*What to do:* After locating the line with "基本種属は左の図のように、近" in the records below, print it and every line after it exactly.

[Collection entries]
======
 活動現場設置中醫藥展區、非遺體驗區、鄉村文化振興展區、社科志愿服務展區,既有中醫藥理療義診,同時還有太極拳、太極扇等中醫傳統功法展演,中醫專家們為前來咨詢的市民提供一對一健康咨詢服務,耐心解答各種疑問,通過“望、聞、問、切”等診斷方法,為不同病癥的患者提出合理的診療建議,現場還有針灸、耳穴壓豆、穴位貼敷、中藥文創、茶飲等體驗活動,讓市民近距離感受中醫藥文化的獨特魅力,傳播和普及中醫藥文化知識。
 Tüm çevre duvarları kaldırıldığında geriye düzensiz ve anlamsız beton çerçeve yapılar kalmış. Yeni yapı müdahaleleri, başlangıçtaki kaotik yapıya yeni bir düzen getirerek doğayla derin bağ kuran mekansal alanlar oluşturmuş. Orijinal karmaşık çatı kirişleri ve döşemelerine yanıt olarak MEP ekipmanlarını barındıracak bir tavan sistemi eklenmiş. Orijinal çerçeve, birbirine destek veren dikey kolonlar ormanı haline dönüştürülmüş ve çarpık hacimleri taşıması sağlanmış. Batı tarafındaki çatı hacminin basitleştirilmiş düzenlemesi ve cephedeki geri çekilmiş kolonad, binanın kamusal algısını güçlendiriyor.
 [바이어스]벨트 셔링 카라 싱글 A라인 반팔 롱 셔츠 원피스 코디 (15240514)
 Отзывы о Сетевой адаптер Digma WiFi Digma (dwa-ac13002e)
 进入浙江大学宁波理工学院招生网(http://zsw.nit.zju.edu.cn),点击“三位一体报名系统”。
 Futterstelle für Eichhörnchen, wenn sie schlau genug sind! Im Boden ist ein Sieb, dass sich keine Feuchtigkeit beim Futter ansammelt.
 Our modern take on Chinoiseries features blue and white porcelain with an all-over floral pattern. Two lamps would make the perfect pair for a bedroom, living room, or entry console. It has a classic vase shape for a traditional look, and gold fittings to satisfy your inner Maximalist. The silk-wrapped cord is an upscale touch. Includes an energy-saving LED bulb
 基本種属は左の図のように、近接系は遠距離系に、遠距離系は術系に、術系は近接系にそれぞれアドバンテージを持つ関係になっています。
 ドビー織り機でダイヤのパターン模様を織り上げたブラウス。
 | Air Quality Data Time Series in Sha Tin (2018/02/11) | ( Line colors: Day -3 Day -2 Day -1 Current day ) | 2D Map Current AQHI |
======
*Solution for this task:*
 基本種属は左の図のように、近接系は遠距離系に、遠距離系は術系に、術系は近接系にそれぞれアドバンテージを持つ関係になっています。
 ドビー織り機でダイヤのパターン模様を織り上げたブラウス。
 | Air Quality Data Time Series in Sha Tin (2018/02/11) | ( Line colors: Day -3 Day -2 Day -1 Current day ) | 2D Map Current AQHI |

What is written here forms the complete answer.